Но, влюбившись, я тут же стал домогаться свидания с ней после первого же урока в новом учебном году. И делал это исключительно бестолково, как может поступать только человек, совершенно потерявший голову от любви. Без всякой договоренности шел к ней домой, выпив для смелости стакан крепленого вина по дороге. Попав в ее квартиру, начинал плести сущий вздор. Делал ей какие-то нелепые подарки, говорил на темы, которые ее абсолютно не интересовали, дрался с соперниками, которые являлись таковыми только в моем воображении.

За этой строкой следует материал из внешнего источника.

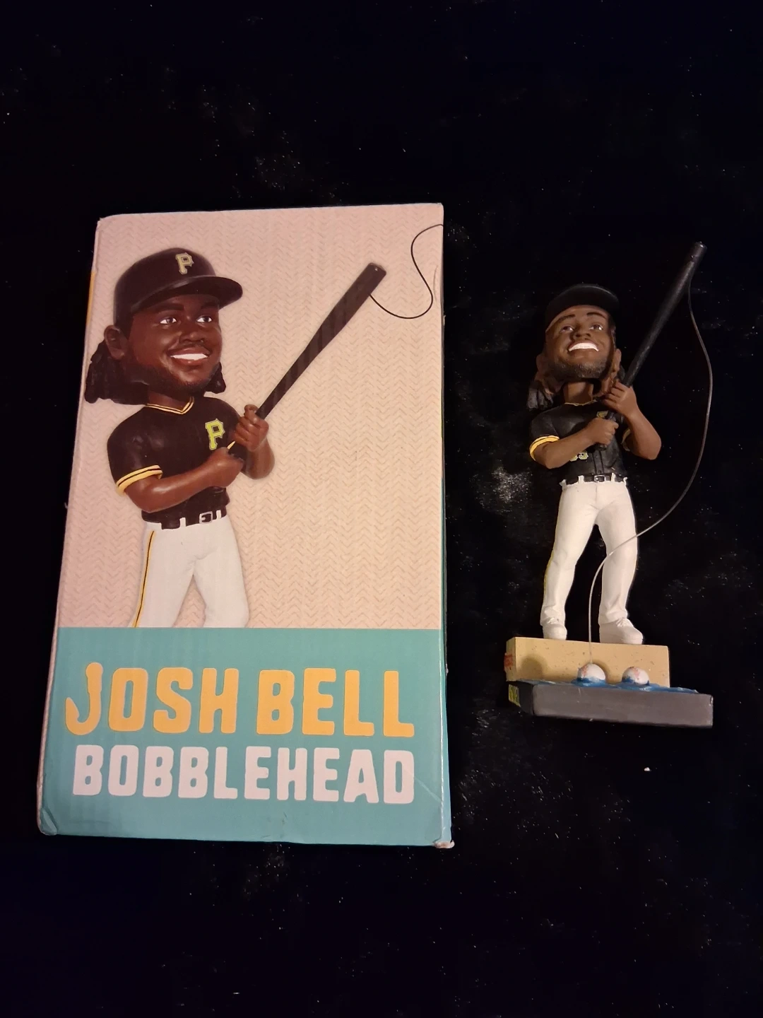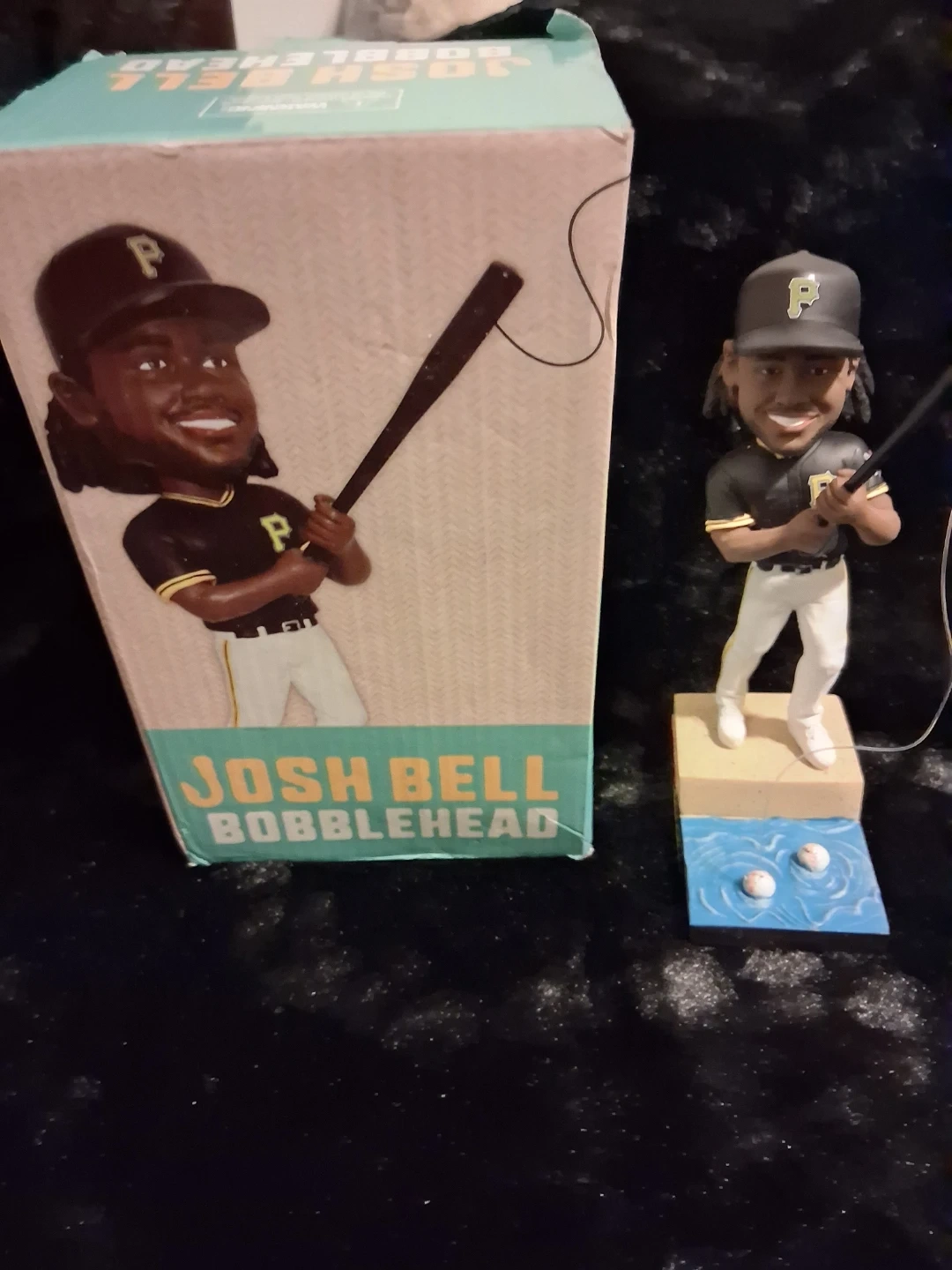 This is a Josh Bell bobblehead. It's from the Pittsburgh Pirates. It comes with its original box. This bobblehead would be a great addition for any Pirates fan!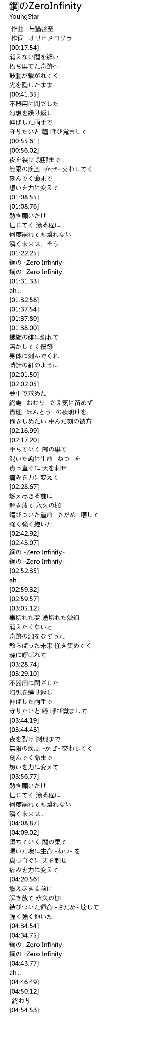 | [02:43.22] | 鋼の -Zero Infinity- |

Когда я потом вспоминал этот безумный год, то всегда поражался своей фантастической глупости. Самым странным было то, что рядом со мной все это время находился человек, который мог без труда охмурить любую женщину в нашем миллионном городе и научить этому меня — мой отец. Он был крайне популярной личностью. Журналист, пишущий на темы культуры. Лектор, способный прочесть пятичасовую лекцию о западном кино в любой аудитории, да так, что слушали затаив дыхание. И… пижон по жизни, всегда одевавшийся исключительно модно.
Отец мог бы дать мне детальную и предельно циничную инструкцию о том, как нужно поступить, чтобы уже через месяц не я бегал за одноклассницей, а она за мной. Но… Уж кому бы я в тот год в последнюю очередь признался о своей школьной любви, так это своему отцу. Я тогда считал его крайне легкомысленным в таких делах человеком, потому что сам был полным кретином.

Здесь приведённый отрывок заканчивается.